Because of that high level of nutritional quality, University of Georgia extension beef specialist Jennifer Tucker says, "We often refer to brassicas as the ryegrass of the fall, since annual ryegrass usually isn't ready until later."

AHEAD OF PEANUT HARVEST

After brassicas are planted, Tucker puts in a mix of black oats, triticale, ryegrass and more brassicas.

"My wife says I get ill if I don't get it planted by Sept. 15," he laughs. "I'm looking for early grazing, and I may plant 150 pounds of seed an acre total."

With a timely rain, he'll have grazing in six to eight weeks, especially good for the lightest weight stockers.

Come October, he puts the local ag pilot to work flying a mix of ryegrass, clover and kale on his almost ready to harvest cotton. If he has a bad wild turnip problem on those fields, he'll leave out the clover and kale so he can spray for weeds.

As soon as the picker leaves the field, he starts turning in stockers to glean the stalks and stomp the seeds into the ground. He typically has about 500 acres in cotton.

"When I've got cotton stalks, I don't have to put out hay," he says.

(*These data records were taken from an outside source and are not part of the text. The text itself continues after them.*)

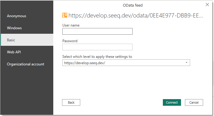 Users can authenticate the OData feed using a Seeq Access Key or username & password. Alternatively, if Seeq is set up with Windows Auth and a user is reading an OData export in a Windows product (e.g. Excel, Power BI), the user can authenticate the OData feed seamlessly.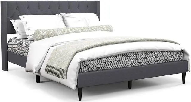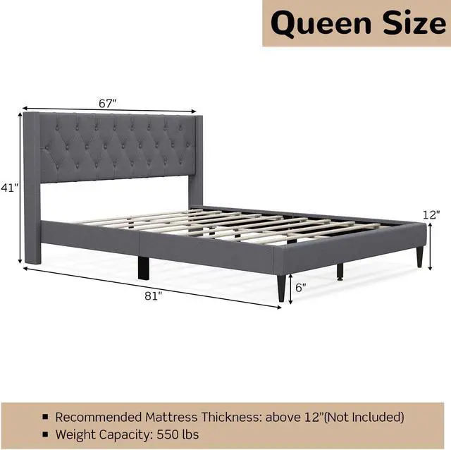 Upholstered Wingback Headboard: The headboard is wrapped in durable linen fabric and high density sponge, providing super comfortable experience when leaning back. Besides, rhombus pattern and stylish button tufted design add upscale aesthetic and tailored touch to your home.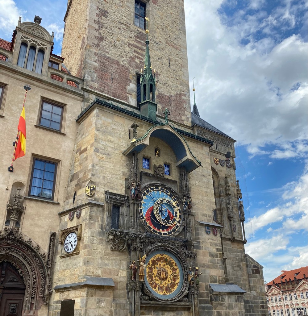 Nach dem Abstieg in die Altstadt erreichen wir den Altstädter Ring, das pulsierende Herz Prags. Hier steht das Altstädter Rathaus mit der weltberühmten astronomischen Uhr, die zur vollen Stunde ein kleines Schauspiel zeigt: die zwölf Apostel ziehen vorbei, ein Skelett läutet die Totenglocke – ein Symbol für die Vergänglichkeit. Ein Ort, an dem man sich gerne unter die Menschen mischt, in einem Straßencafé verweilt und das bunte Treiben beobachtet.

Where the picker and boll buggy run over the emerging seed, the loss is minimal. "It will come back," Tucker says, "The worst places are where we build modules." In those bare spots, he'll often hand-spread ryegrass and clover seed.

PERMANENT PASTURES

After a killing frost, which is usually around Nov. 15, Tucker starts drilling ryegrass and clover in his 450 acres of permanent pasture.

"After Christmas, we'll put it in any way we want to, we might even scatter it with chicken litter or fertilizer," he says.

On seeding rates, he adds, "We started out with a heavier seeding rate with the plane, around 50 pounds an acre, but every year we've cut it back. Now we put out 100 pounds per three acres."

On brassicas, he uses three to six pounds an acre, and with clover, he plants half the recommended rate.

"We like to mix varieties," he adds, explaining he often mixes 10 pounds of crimson clover to one pound of ball clover. With ryegrass, he'll use as many as four varieties depending on the time of year.

SHIPPING OUT STOCKERS

In the fall Tucker starts shipping his heavier stockers to western feedlots, either selling them outright or retaining ownership. The calves will weigh 800 pounds or more, having gained around 500 pounds. From May through August, when the calves are on permanent pasture, Tucker shoots for average daily gains of 1.5 pounds. When they're on winter annuals, they'll gain at least 2.5 pounds a day. After the first of the year he'll ship more, and if he has any heavier cattle left he ships again in May. He buys year-round at local stockyards, anytime he finds a bargain.

Once stockers are gone, along with his own calf crop, Tucker will let those brood cows graze on the left-over winter grazing. He'll supplement them with gin trash and whole cottonseed starting around Thanksgiving and running to mid-February, coinciding with calving season.

ROTATIONAL PLAN

While such a diverse forage mix is key to Tucker's plan, he says without rotational grazing, it wouldn't be nearly as effective.

He has 15 small pastures ranging in size from 8 to 20 acres and says his goal is to avoid leaving cattle on these areas more than one week. He believes rotation, especially the rest period, helps with forage growth.

"We graze it lightly and move them. When we strip-till to plant more forage, I don't feel like I've managed it right unless there is grass left," he says.

The whole time stockers are here, Tucker supplements with hay, the gin trash, whole cottonseed and a 50-50 mix of corn gluten and soy hulls. His combination of grazing and supplement leave him with a cost of gain on stockers of around 55 to 60 cents a pound, although part of the cost of the winter annuals is charged to his row crop operation since they do double duty as cover crops.